INSTRUCTIONS TO FOLLOW:
The output must match the lines from the first line of the listing below through the line holding "大漢機械的垂直立式螺旋輸送機" exactly and must contain no pictures.

PROVIDED ENTRIES:
━━━━━━━━━━━━━━━━━━━━
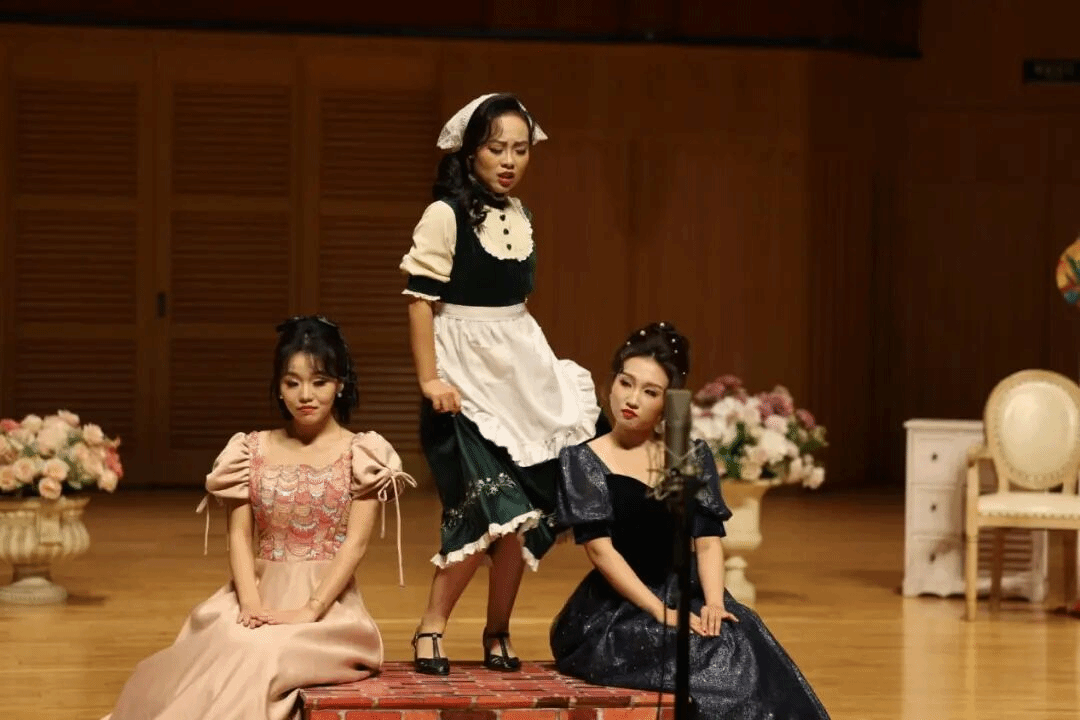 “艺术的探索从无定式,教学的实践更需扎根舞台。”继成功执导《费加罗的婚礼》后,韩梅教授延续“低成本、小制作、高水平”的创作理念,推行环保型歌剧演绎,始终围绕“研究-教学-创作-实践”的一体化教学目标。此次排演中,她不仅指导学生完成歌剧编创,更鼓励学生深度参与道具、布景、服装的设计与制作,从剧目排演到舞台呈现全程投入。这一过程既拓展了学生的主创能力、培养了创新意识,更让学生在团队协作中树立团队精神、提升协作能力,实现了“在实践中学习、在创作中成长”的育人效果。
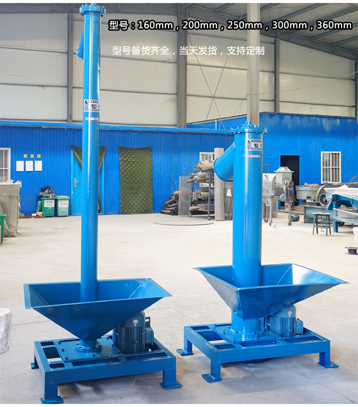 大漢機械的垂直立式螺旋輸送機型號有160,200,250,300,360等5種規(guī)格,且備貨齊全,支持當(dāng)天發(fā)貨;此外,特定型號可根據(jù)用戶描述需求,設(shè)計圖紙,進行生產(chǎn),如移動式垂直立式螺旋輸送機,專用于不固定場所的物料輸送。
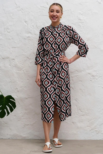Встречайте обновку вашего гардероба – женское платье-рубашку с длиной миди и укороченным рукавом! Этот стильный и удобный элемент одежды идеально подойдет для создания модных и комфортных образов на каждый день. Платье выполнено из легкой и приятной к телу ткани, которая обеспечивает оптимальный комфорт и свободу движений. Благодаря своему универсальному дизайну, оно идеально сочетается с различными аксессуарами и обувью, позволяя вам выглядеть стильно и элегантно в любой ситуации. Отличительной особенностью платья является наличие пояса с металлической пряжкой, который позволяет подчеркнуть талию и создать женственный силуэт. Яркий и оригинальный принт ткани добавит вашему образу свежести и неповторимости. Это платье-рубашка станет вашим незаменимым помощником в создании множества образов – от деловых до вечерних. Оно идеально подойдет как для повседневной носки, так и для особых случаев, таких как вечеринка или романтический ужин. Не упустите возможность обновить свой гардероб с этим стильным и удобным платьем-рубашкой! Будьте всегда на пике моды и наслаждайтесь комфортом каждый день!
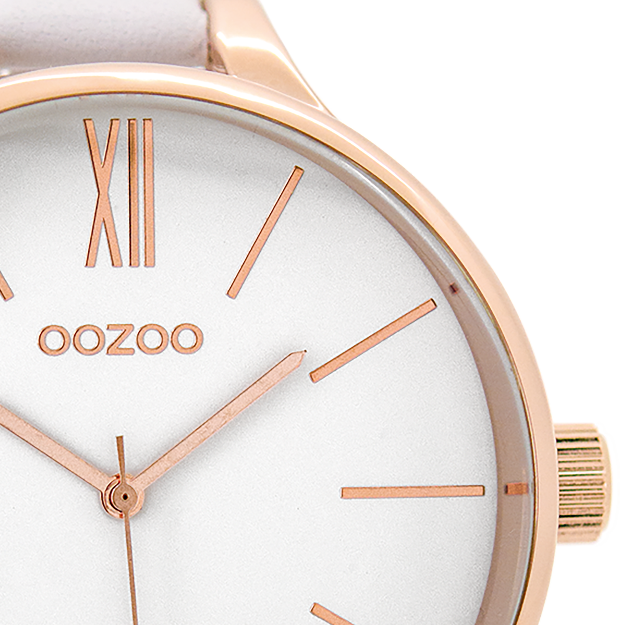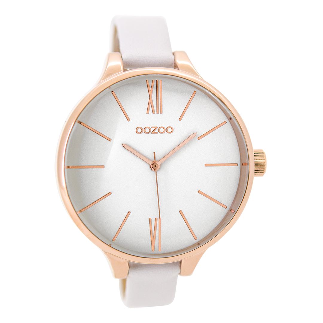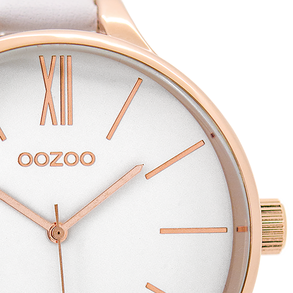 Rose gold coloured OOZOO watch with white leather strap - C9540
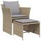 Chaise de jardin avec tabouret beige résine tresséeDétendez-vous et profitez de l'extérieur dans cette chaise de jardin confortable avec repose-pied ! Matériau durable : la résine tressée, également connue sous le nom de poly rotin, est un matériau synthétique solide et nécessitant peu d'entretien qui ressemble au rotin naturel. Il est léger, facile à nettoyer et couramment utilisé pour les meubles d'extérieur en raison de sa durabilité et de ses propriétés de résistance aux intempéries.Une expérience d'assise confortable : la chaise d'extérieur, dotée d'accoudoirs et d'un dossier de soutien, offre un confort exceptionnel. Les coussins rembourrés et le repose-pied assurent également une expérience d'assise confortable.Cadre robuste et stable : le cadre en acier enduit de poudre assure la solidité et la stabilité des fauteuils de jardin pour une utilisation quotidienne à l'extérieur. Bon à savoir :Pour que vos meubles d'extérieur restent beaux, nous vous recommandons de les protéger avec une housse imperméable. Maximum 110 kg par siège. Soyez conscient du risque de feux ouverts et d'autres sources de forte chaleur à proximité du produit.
━━━━━━━━━━━━━━━━━━━━
ANSWER BOX:
 “艺术的探索从无定式,教学的实践更需扎根舞台。”继成功执导《费加罗的婚礼》后,韩梅教授延续“低成本、小制作、高水平”的创作理念,推行环保型歌剧演绎,始终围绕“研究-教学-创作-实践”的一体化教学目标。此次排演中,她不仅指导学生完成歌剧编创,更鼓励学生深度参与道具、布景、服装的设计与制作,从剧目排演到舞台呈现全程投入。这一过程既拓展了学生的主创能力、培养了创新意识,更让学生在团队协作中树立团队精神、提升协作能力,实现了“在实践中学习、在创作中成长”的育人效果。
 大漢機械的垂直立式螺旋輸送機型號有160,200,250,300,360等5種規(guī)格,且備貨齊全,支持當(dāng)天發(fā)貨;此外,特定型號可根據(jù)用戶描述需求,設(shè)計圖紙,進行生產(chǎn),如移動式垂直立式螺旋輸送機,專用于不固定場所的物料輸送。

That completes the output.